As we drove into work yesterday, my roommate/co-worker asked," Do you ever feel like we do the same thing everyday?" In the melancholic silence that followed, I imagined myself running on a big metal wheel in a cage of sawdust, pooping near my food bowl. Then I contemplated jumping from the moving vehicle. Shortly after, we passed three kids at their bus stop--the same three kids we see everyday standing at their bus stop. I waved. They looked at me funny. So much for shaking up the routine.
In January, I moved in with a guy--just a guy, not a lover or boyfriend or anything. Since that move, I have contemplated what I like so much about living with guys--not lovers or boyfriends. Over time, the advantages of a male roommate have become clear.
Firstly, the apartment is clean-ish, but there is no pressure to keep the place spotless. While we both clean up our dishes and wipe up our messes, it is acceptable to leave a cup on the counter overnight or drape a coat over a chair for a while. Well, let me just say that I leave my cup on the counter and drape a coat of a chair overnight--my roommate is actually quite neat. He calls the momentary lapses in cleanliness my "grace period."
Secondly, I feel absolutely no pressure to look nice in my apartment. Of course I use some discretion in my home fashion choices, but overall, lounging in sweatpants, a t-shirt and no make-up is not a big deal. Why? Because he is not competing with me--he does not need to out-dress me or be prettier than me or criticize me to make him feel better. He just doesn't care! And, if I do ever have a boy over, he won't try to seduce him! A nice perk!
Thirdly, I can watch sports whenever I want. I will never catch flack for shutting myself in my room and watching basketball all afternoon.

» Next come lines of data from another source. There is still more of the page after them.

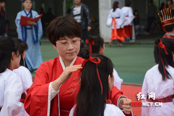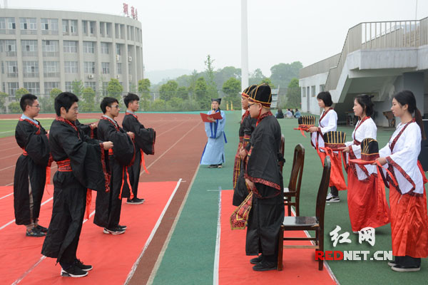 这是湖南食品药品职业学院中药学院举办的第三届成人礼仪式,其主题为“青春孕育希望、责任铸就未来”。舞台上,19名学生代表身穿汉服,与身穿汉服的老师相对而站,随着司仪“行叩拜礼”的口令响起,学子们纷纷行礼,老师们也俯身为他们“加冠”“加笄”。现场响起了热烈的掌声与欢呼声。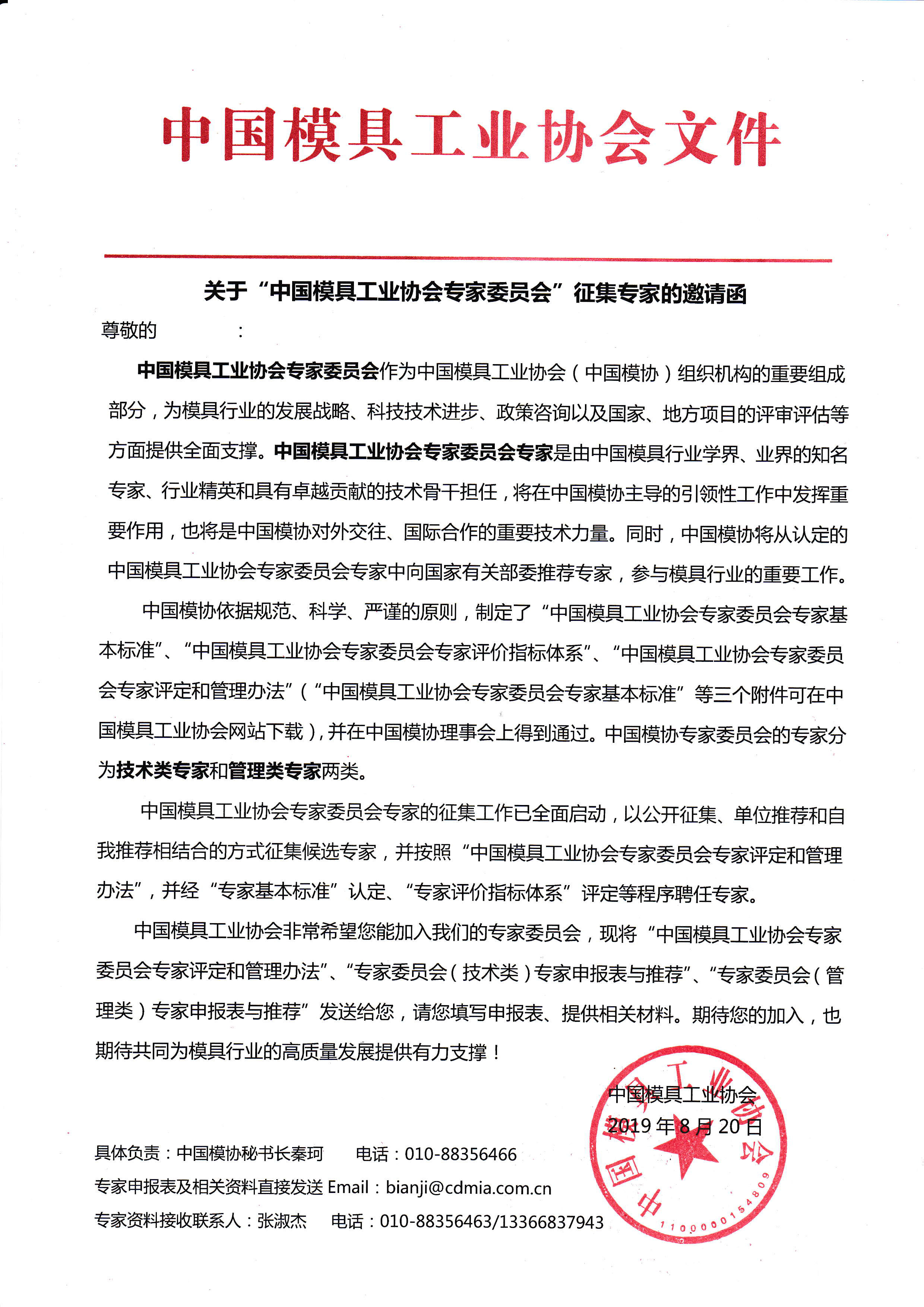 关于“中国模具工业协会专家委员会”征集专家的邀请函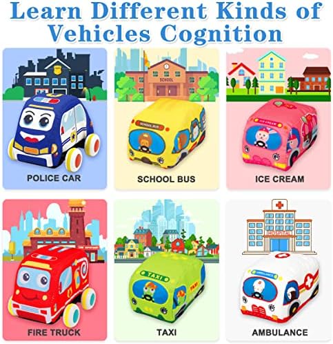 Child-safe Design for Baby: This soft car toys set for 1 year old boy is made of soft fabric and stuffing sponge. 100% safe and environmentally friendly, 100% screen free, BPA free, non-toxic materials, no small parts; Washable but soft. Perfect for early learning toys for babies and toddlers
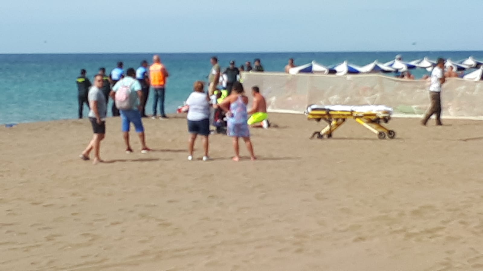 Los socorristas de la playa de Matagorda en Puerto de Carmen, trataban de salvarle la vida a un turista que había sufrido una parada cardiorrespiratoria.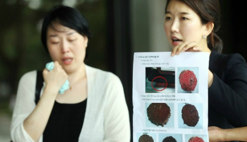 | 지난 5일 고기 패티가 덜 익은 맥도날드 햄버거를 먹고 4살 딸이 HUS(용혈성요독증후군)에 걸렸다고 주장하는 어머니(왼쪽)와 피해자 측 황다연 변호사가 서초구 서울중앙지검 청사 앞에서 맥도날드 한국 지사를 식품안전법 위반 혐의 등으로 고소한 뒤 발병 경위를 설명하고 있다. 연합뉴스 |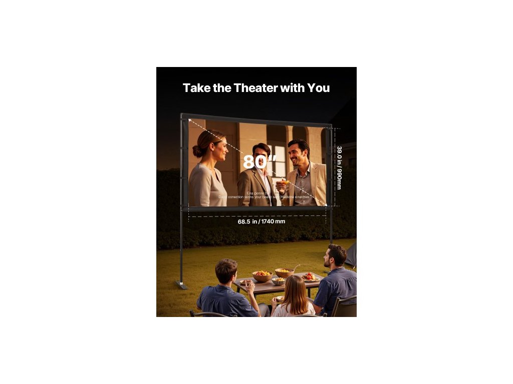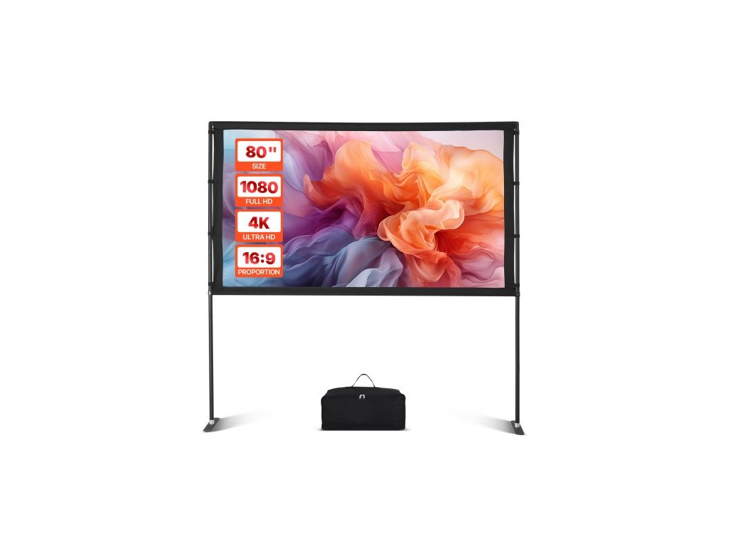 Projekční plátno se stojanem, 80 palců, 160° širokoúhlé projekční plátno pro vnitřní i venkovní použití, 16:9 4K HD bez vrásek, přenosné plátno se dvěma stojany a přepravní taškou, pro prezentace v domácím kině

That said, I actually never catch flack for shutting myself in my room period. Certainly, my roommate and I enjoy each other's company, frequently occupying our side by side "his and her man chairs," cheering for Donald Trump firing his latest victim or whincing for the next American fallen Idol--but there is also an understanding that needing time alone is okay too. No one's feelings are injured or ego bruised when I choose to curl up with a book in my bed over watching a movie with him. Oh, the joys of drama-less living!
Lastly, my culinary ego is stroked on a nightly basis. My roommate is adept at making pasta, sandwiches and sausages--that is about it! Of course I encourage him to branch out and try following a recipe, but he chooses to stick to familiar territory. I, on the other hand, am frequently experimenting with my own combinations or a new recipe creating anything from curry to brown bread to chicken parmesan. All of my creations, whether sweet or savory, are hailed with praises such as: "God, that smells so good!" Or, "That looks delicious. May I please have bite! Oh man, that is good!" Whether he compliments to earn a free meal or he genuinely likes my comestible creations, this nightly ego stroking does a body good.
After discussing these pros with my roommate, he has asked me to write about the cons of living with a male roommate. In the interest of preserving my happy home, and respecting the privacy of all those involved--I plead the fifth.